The right ankle from each animal was fixed in 10% neutral buffered formalin for 24 hours at 20°C, followed by decalcification in Immunocal™ (Decal Chemical Corporation, Tallman, NY, USA) for 7 days at 20°C. Decalcified joints were then paraffin embedded, sectioned twice (4 μm each), and stained with H & E for general evaluation or toluidine blue for specific assessment of cartilage changes. The ankles were evaluated via histopathology and scored for inflammation, cartilage damage, pannus and bone resorption according to previously published criteria [38
For inflammation, scores were as follows: 0 = normal, 1 = minimal infiltration of inflammatory cells in the synovial and/or periarticular tissues, 2 = mild infiltration with mild edema, 3 = moderate infiltration (including joint space) with moderate edema, 4 = marked infiltration with marked edema, and 5 = severe infiltration with severe edema.

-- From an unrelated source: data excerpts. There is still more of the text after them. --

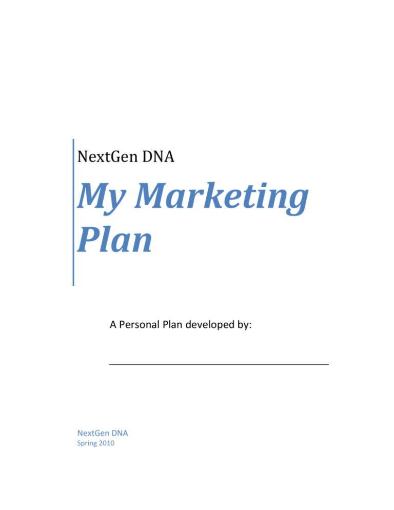 NextGen DNA My Marketing Plan A Personal Plan developed by: NextGen DNA Spring 2010 Table of Contents Introduction…....…………………………………………………………………………………………………..4 Chapter 1 – My Marketing Plan My Proposition..…………………………………………………………………………………………………..5 My Positioning Statement My Core Competencies My S.W.O.T Analysis…………………………………………………………………………………………….6 My Strengths My Weaknesses My Opportunities (in my career field) My Threats (in my career field) My Career Goals…………………………………………………………………………….……………………8 My Goals My Goal Timeline My Preferences……………………………………………………………………………………………………9 My Likes My Dislikes MyIdeal Employer………………………………………………………………………………………………10 My Geographic Preference My Industry Preference My Ideal Organization Size My Ideal Organizational Culture My Job Scorecard………………………………………………………………………………………………11 My Development Plan……………………………………………………………………….………………12 Chapter 2 – My Road Map My Action Plan…….………………………………………………………………………………………..…..13 My Target Companies…………………………………………………………………………………………14 My Network……………….…………………………………………………………………………………..….15 Chapter 3 – My Commitment My Commitment Sheet……..……………………………………………………………………………….16 My Activities Scorecard………………………………………………………………………………………17 Appendix My Resources…....…………………………………………………………………………………………….18 My Extra Worksheets.………………………………………………………………………..………………24 My Job Scorecard My Development Plan My Action Plan My Target Companies My Network My Commitment Sheet My Activity Scorecard Introduction This document was created to help you to develop a detailed plan for your job search. Whether you are a hourly or salary worker, recent college graduate, returning to the work force, currently employed or under-employed (working but not in your ideal position), if you are considering a job search it is best completed with a plan. Looking for a job requires a plan. One cannot just wake up in the morning and start looking for work. Where do you look? What do you want to do? What type of company do you want to work for? What skills are required and are there any new skills I must learn? Who do you know that might be able to help you? This document should help you in your journey. It will not provide you all the answers, but it will help you to develop your road map to finding that next step in your career. Remember to take time to plan. Take time to reflect on what you have done. When this document is completed use to aid you in your search. Additionally, share this document with friends, family and others that may be able to assist you during search. Chapter 1 – My Marketing Plan My Value-Proposition My Positioning Statement Describe who you are and the how you want to be perceived in the market based upon your skills, competencies, and experiences. Approach this in the manner of only having thirty seconds with someone how would you quickly describe yourself, why should they want to hear more about you? My Core Competencies Describe your skills and competencies that will help to see you apart from anyone else. In other words, what do you bring to the table or their organization? Chapter 1 – My Marketing Plan My S.W.O.T. Analysis Internal My Strengths Describe what makes you successful, technical abilities, etc. If you were to ask one of your peers what would they say? My Weaknesses Describe areas that you are not as strong. Perhaps these are areas you don’t want as requirements in a new role based on your personal preferences and values. If they are areas you wish to improve, consider how this can occur. Chapter 1 – My Marketing Plan My S.W.O.T. Analysis External My Opportunities within my Field What is going for you right now? Who have you networked with? What positive trends do you see in your industry? How can your skills, interests and experiences be leveraged? Be creative and be confident! My Threats within my field What challenges exist for you in your desired field(s)? How can you overcome these? What solutions are possible? Don’t get buried in the threats. Consider whether these are temporary or long-term. Chapter 1 – My Marketing Plan My Career Goals My Goals Describe key goals you have during your career journey. • Examples might be to reach a certain level position in next three years, complete education, earn a certain amount of money annually, etc My Goals Timeline The goals you have set for yourself should be what you hope you can accomplish in these periods. . For instance if you are out of work it may be more important for you to get a job that helps to pay the bills now and then look for a more senior position in the 2-3 years Next 6 Months Months 6-12 Years 2-3 Years 3-5 Chapter 1 – My Marketing Plan My Preferences My Likes Describe those things that are important to you in the job you perform Examples might be you like to manage people, enjoy travelling, hands-on job, project management, working as part of a team working outside, working with customers, etc My Di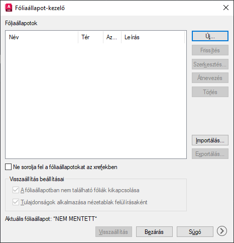 Törölje A fóliaállapotban nem található fóliák kikapcsolása jelölőnégyzet jelölését. A fóliaállapot visszaállítása nem érinti azokat a fóliákat, amelyek nem abban a rajzban voltak, ahol a fóliaállapotot létrehozták.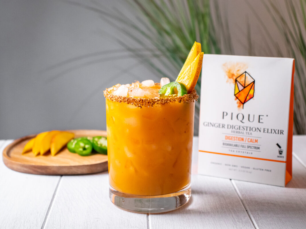 The two main flavor notes in this alcohol-free drink are mango and ginger, both of which offer an array of health benefits, perfect for keeping you looking and feeling good.

For cartilage damage, scores were as follows: 0 = normal, 1 = loss of toluidine blue staining with no chondrocyte degeneration/loss and/or matrix disruption, 2 = loss of toluidine blue staining with minimal chondrocyte degeneration/loss and/or mild matrix disruption in some affected joints, 3 = loss of toluidine blue staining with moderate chondrocyte loss and obvious (depth to deep zone) matrix loss in affected joints, 4 = loss of toluidine blue staining with marked (depth to tide mark) chondrocyte and matrix loss, and 5 = loss of toluidine blue staining with severe (depth to subchondral bone) chondrocyte loss and matrix loss in affected joints.

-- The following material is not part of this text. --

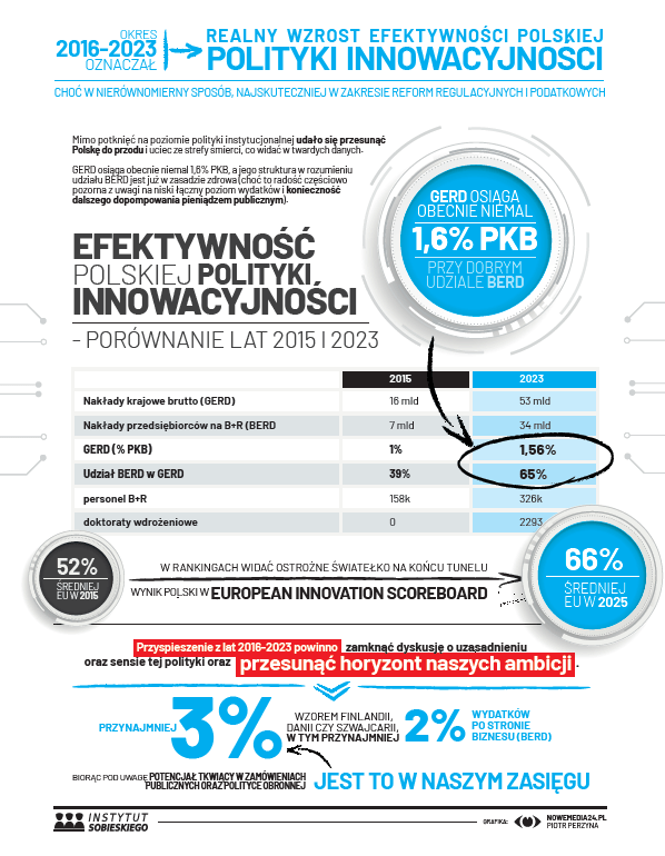 W rozdziałach otwierających raport autorzy pokazują dekadę 2015–2025 jako „bieg przez płotki”: od niskiej bazy (ok. 1% PKB na B+R) do wyraźnego wzrostu nakładów i nowych instrumentów (ulgi B+R, budowa rynku VC przez PFR Ventures, PSA). Widać to też w statystykach publicznych: GUS podaje, że w 2023 r. GERD wyniósł 53,1 mld zł, a intensywność B+R 1,56% PKB. Dane raportu są spójne z tym obrazem i mocno podkreślają rosnący udział firm w finansowaniu B+R. Jednocześnie, autorzy raport uczciwie przyznają: to nadal w dużej mierze innowacyjność „adaptacyjna” (usprawnienia procesowe), a nie przełom. Symbolicznie pokazują to wskaźniki „wyjścia”: niska liczba zgłoszeń do EPO per capita, niski udział high-tech w eksporcie, słaba innowacyjność zamówień publicznych oraz długie procedury oceny projektów.

For bone resorption, scores were as follows: 0 = normal, 1 = minimal (small areas of resorption in the medullary trabecular or cortical bone, not readily apparent on low magnification, and rare osteoclasts), 2 = mild (increasing areas of resorption in medullary trabecular or cortical bone, not readily apparent on low magnification, with osteoclasts more numerous), 3 = moderate (obvious resorption of the medullary trabecular and cortical bone, without full-thickness defects, lesion apparent on low magnification, and osteoclasts more numerous), 4 = marked (full-thickness defects in the cortical bone, marked loss of medullary trabecular bone, numerous osteoclasts), and 5 = severe (full-thickness defects in the cortical bone, severe loss of medullary trabecular bone).

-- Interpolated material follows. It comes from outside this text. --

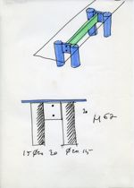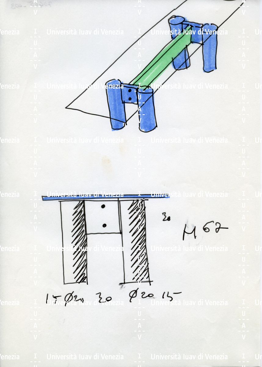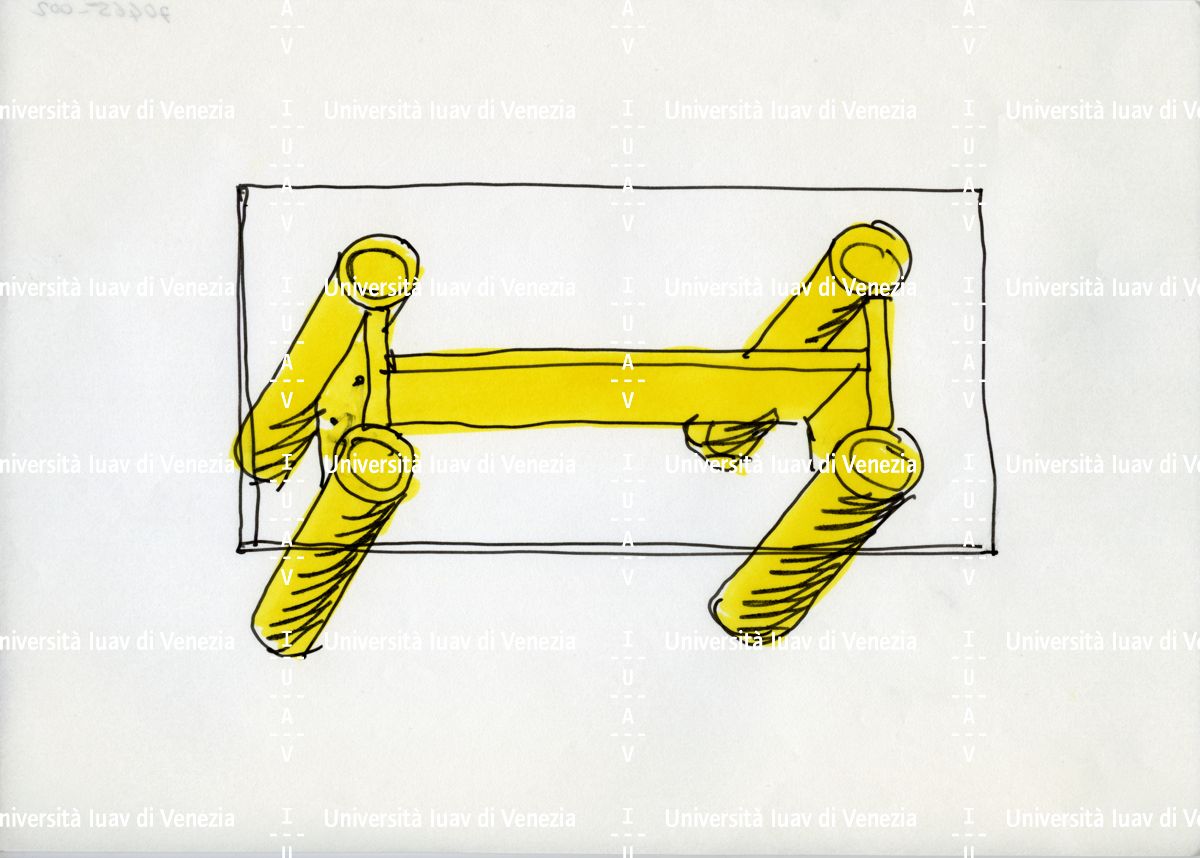 [Tavolo rettangolare con gambe cilindriche collegate da elemento centrale]

Immunoassay analysis of plasma biomarkers
Plasma MMP-3, a soluble marker for joint pathology, was quantified by the R&D System (Minneapolis, MN, USA) Quantikine mouse MMP-3 (total) Immunoassay (catalog number MMP300) according to the manufacturer's instructions. Plasma cytokines and chemokines - eotaxin, granulocyte colony-stimulating factor (G-CSF), granulocyte-macrophage colony-stimulating factor, GRO/KC, IFNγ, leptin, IL-1α, IL-1β, IL-2, IL-4, IL-5, IL-6, IL-9, IL-10, IL-12p70, IL-13, IL-17, IL-18, IP-10, MCP-1, MIP-1β, RANTES, TNFα and vascular endothelial growth factor - were assessed using a multiplex Luminex-based assay from Millipore (catalog number MPXMCYTO-70K-PMX24; Billerica, MA USA) with the addition of 1× Complete® protease inhibitor cocktail (catalog number 11697498001; Roche, Indianapolis, IN, USA).
Data are presented as the mean ± standard error of the mean. Significance analysis of in vivo paw fluorescence was conducted using a two-tailed unpaired Student t test when two groups were analyzed or a one-tailed analysis of variance Scheffe multiple-comparison post test. P < 0.05 was considered significant.